PROBLEM - Quote exactly the lines from the start of the entries to the one with "運転の状態を表示します。省燃", both ends included.

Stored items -

%%

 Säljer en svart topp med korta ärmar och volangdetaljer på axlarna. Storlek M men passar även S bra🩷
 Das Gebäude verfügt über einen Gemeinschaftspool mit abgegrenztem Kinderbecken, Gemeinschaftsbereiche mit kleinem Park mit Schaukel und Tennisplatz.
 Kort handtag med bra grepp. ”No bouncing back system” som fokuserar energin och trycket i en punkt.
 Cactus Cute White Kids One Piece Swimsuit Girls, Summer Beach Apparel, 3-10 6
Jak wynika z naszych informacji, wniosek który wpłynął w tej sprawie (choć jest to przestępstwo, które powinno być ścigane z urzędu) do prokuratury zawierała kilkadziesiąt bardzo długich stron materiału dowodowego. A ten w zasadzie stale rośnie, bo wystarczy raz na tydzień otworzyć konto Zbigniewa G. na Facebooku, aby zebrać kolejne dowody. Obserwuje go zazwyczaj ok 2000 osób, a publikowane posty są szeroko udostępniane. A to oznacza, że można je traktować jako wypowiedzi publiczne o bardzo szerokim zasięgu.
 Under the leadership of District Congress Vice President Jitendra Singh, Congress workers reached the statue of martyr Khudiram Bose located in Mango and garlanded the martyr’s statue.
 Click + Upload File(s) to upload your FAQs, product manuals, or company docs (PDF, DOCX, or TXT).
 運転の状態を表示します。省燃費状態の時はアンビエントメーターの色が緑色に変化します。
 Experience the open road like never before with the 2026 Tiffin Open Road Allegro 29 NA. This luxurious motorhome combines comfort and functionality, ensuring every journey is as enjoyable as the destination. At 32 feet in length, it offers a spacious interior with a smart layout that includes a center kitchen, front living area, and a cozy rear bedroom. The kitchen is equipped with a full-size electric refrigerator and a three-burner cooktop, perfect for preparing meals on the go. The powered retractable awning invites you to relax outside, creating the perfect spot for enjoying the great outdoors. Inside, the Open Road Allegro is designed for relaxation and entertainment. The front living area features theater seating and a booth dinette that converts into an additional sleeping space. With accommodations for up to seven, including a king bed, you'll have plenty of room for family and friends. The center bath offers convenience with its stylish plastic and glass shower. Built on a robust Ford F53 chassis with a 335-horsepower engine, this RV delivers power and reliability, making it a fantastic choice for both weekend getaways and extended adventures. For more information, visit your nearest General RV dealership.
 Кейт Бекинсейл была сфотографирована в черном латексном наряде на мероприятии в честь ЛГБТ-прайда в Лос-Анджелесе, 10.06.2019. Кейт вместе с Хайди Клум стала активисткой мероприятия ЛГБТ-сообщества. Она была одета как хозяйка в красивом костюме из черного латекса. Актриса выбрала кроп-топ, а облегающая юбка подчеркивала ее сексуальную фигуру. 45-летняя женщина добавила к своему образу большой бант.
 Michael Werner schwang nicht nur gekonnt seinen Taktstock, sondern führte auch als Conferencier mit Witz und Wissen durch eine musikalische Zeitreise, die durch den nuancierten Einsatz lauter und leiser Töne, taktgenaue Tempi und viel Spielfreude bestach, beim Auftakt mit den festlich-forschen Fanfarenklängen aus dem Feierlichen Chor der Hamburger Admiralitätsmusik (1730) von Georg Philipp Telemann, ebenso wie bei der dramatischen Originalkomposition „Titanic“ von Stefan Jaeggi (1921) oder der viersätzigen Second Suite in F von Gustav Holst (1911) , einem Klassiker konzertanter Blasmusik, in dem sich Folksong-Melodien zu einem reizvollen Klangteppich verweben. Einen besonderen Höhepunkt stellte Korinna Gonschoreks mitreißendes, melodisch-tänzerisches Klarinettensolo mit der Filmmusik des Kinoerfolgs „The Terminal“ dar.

%%

YOUR SOLUTION -
 Säljer en svart topp med korta ärmar och volangdetaljer på axlarna. Storlek M men passar även S bra🩷
 Das Gebäude verfügt über einen Gemeinschaftspool mit abgegrenztem Kinderbecken, Gemeinschaftsbereiche mit kleinem Park mit Schaukel und Tennisplatz.
 Kort handtag med bra grepp. ”No bouncing back system” som fokuserar energin och trycket i en punkt.
 Cactus Cute White Kids One Piece Swimsuit Girls, Summer Beach Apparel, 3-10 6
Jak wynika z naszych informacji, wniosek który wpłynął w tej sprawie (choć jest to przestępstwo, które powinno być ścigane z urzędu) do prokuratury zawierała kilkadziesiąt bardzo długich stron materiału dowodowego. A ten w zasadzie stale rośnie, bo wystarczy raz na tydzień otworzyć konto Zbigniewa G. na Facebooku, aby zebrać kolejne dowody. Obserwuje go zazwyczaj ok 2000 osób, a publikowane posty są szeroko udostępniane. A to oznacza, że można je traktować jako wypowiedzi publiczne o bardzo szerokim zasięgu.
 Under the leadership of District Congress Vice President Jitendra Singh, Congress workers reached the statue of martyr Khudiram Bose located in Mango and garlanded the martyr’s statue.
 Click + Upload File(s) to upload your FAQs, product manuals, or company docs (PDF, DOCX, or TXT).
 運転の状態を表示します。省燃費状態の時はアンビエントメーターの色が緑色に変化します。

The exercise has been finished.